Os outros testes, que duram duas semanas, medem o desempenho dos candidatos e sua capacidade para solucionar problemas. Esses, sim, são requisitos básicos para entrar na equipe -- e provavelmente parte importante no sucesso da casa. "Não existe treinamento que ensine as pessoas a cuidar dos outros: é algo que você precisa saber naturalmente", diz Letouzé. Saber cuidar dos clientes, não ter regras, cultivar o espírito de equipe. São belas expressões, mas, para o Outback, colocar em prática essas idéias não contribui só para construir a imagem da rede. Faz muito bem para os negócios. O faturamento da rede no Brasil dobrou de 1999 para 2000. Alcançou 22 milhões de reais e deve chegar a 30 milhões até o final do ano.
A receita do bom atendimento do outback
Salim Maroum, diretor de operações e um dos fundadores do Outback no Brasil, é um libanês de 47 anos. Ele parece tímido e quieto, mas se transforma quando fala sobre seu negócio, seus funcionários e sobre as histórias que acontecem nos restaurantes da rede. Não é difícil encontrá-lo vestindo o uniforme e o avental dos garçons, entregando pratos nas mesas e até ajudando o pessoal a descarregar mercadorias dos caminhões. Maroum ensina aqui alguns dos segredos do bom atendimento:
No Outback, até garçom precisa ter espírito empreendedor. Cada um deles tem o objetivo de conquistar seus clientes e de atendê-los de uma maneira melhor e diferente de todos os outros.
Se alguém pedir batata em vez de arroz, frango no lugar da carne e trocar os legumes cozidos por purê, tudo bem. O importante é que o cliente saia da mesa com a impressão de que é único.

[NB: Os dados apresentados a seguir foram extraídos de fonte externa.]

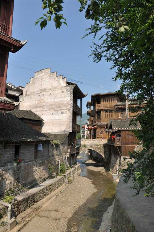 Houses along the Tuo River are quite different from those in the water towns of suburban Shanghai. They are called diaojiaolou, meaning stilted wooden houses standing over the water. Usually seen in Xiangxi and some mountain areas of Guizhou Province, diaojiaolou are a typical type of dwelling for the local ethnic groups.
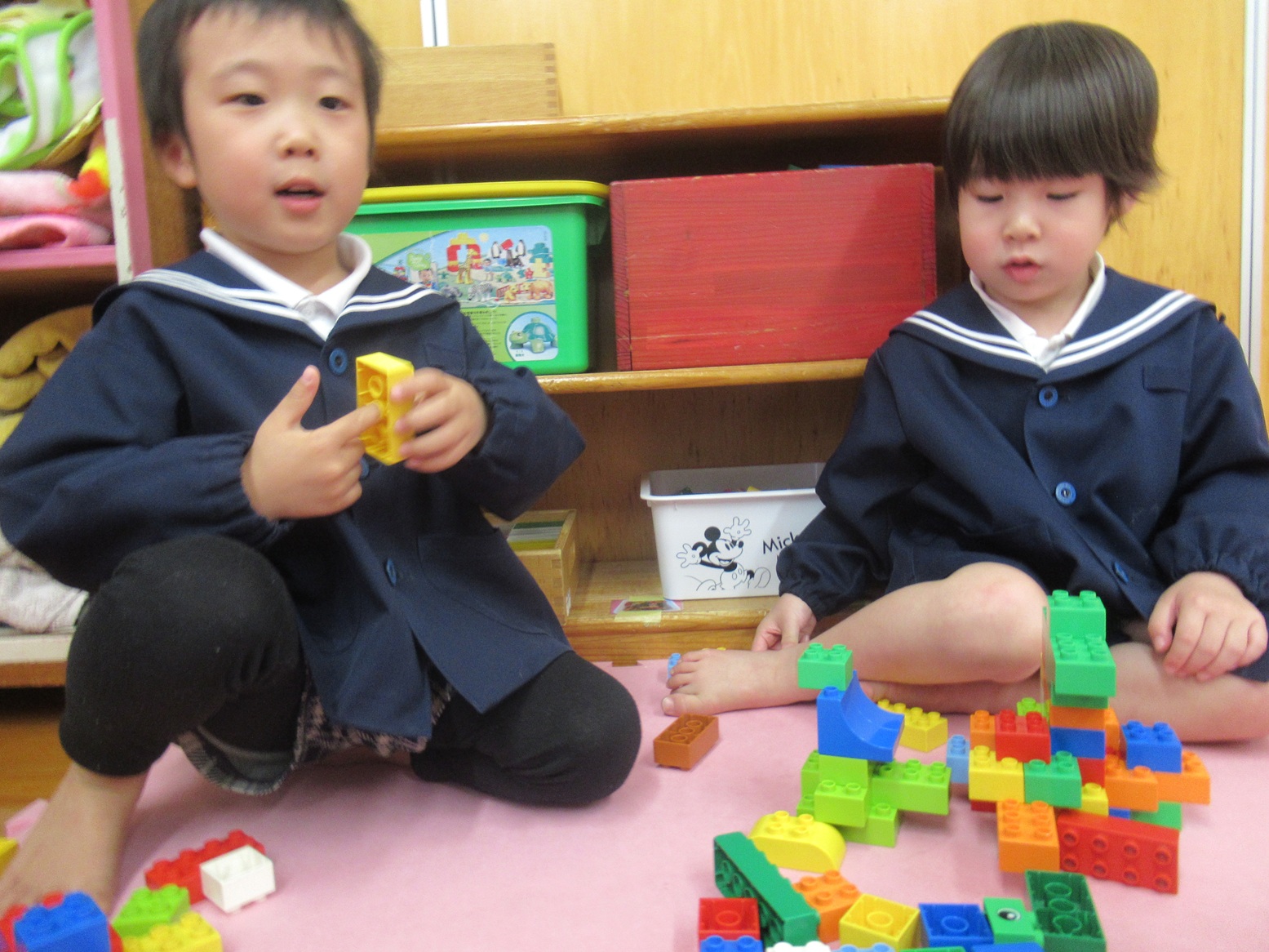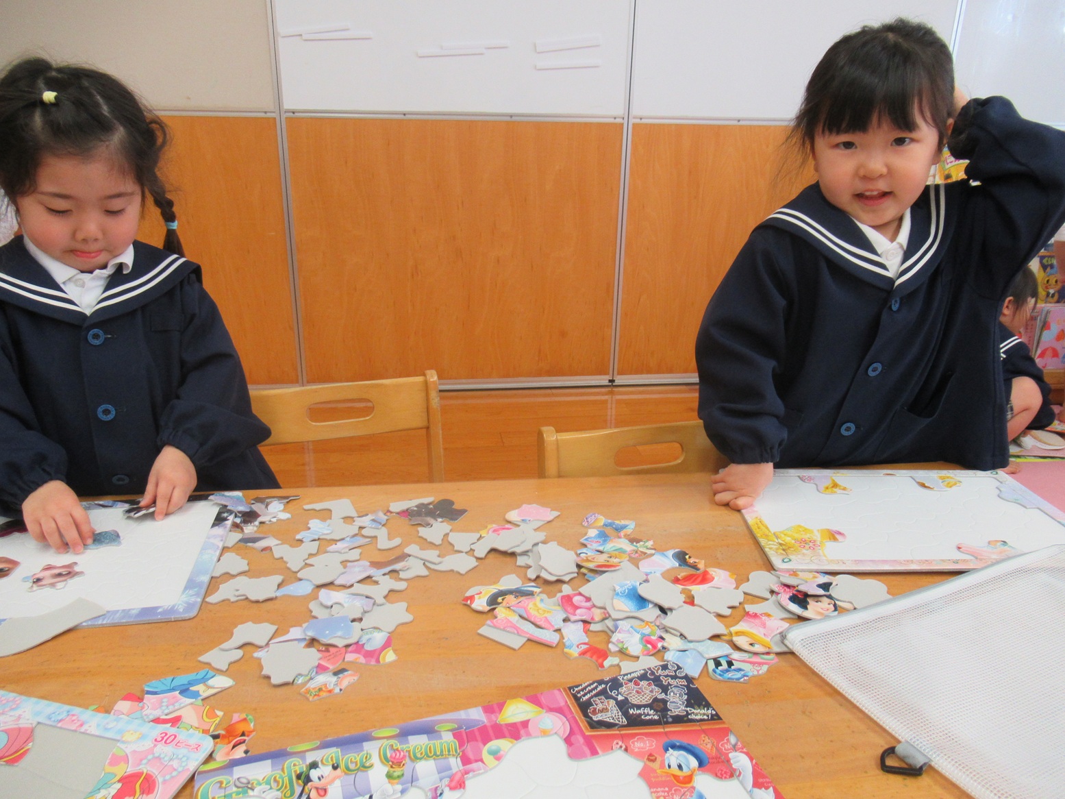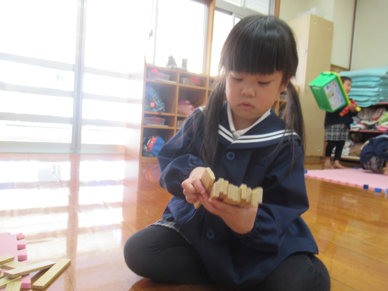 お部屋遊びでは協力して積み木を積み上げたり、ピースの数が多いパズルに取り組んだりと、遊び方もレベルアップしています!

Dar aos clientes o que eles querem não é o bastante. Os garçons têm de encontrar uma maneira de surpreendê-los com algo que vá além do que foi pedido.
"Nossa equipe sabe que, cada vez que se chega ao lugar planejado, você precisa ter um novo degrau para almejar", diz Maroum. Em outras palavras, nunca se dê por satisfeito.
Olhos nos olhos, sorriso no rosto e muita atenção. "O cliente precisa sentir que existe prazer em atender e que o garçom se interessa por ele", diz Maroum.
Os garçons têm de conhecer muito bem o que vendem. "Não é só perguntar se a carne deve chegar bem ou malpassada", diz Maroum. "É preciso conhecer cada prato, identificar o que aquele cliente quer e oferecer algo que vai deixá-lo satisfeito."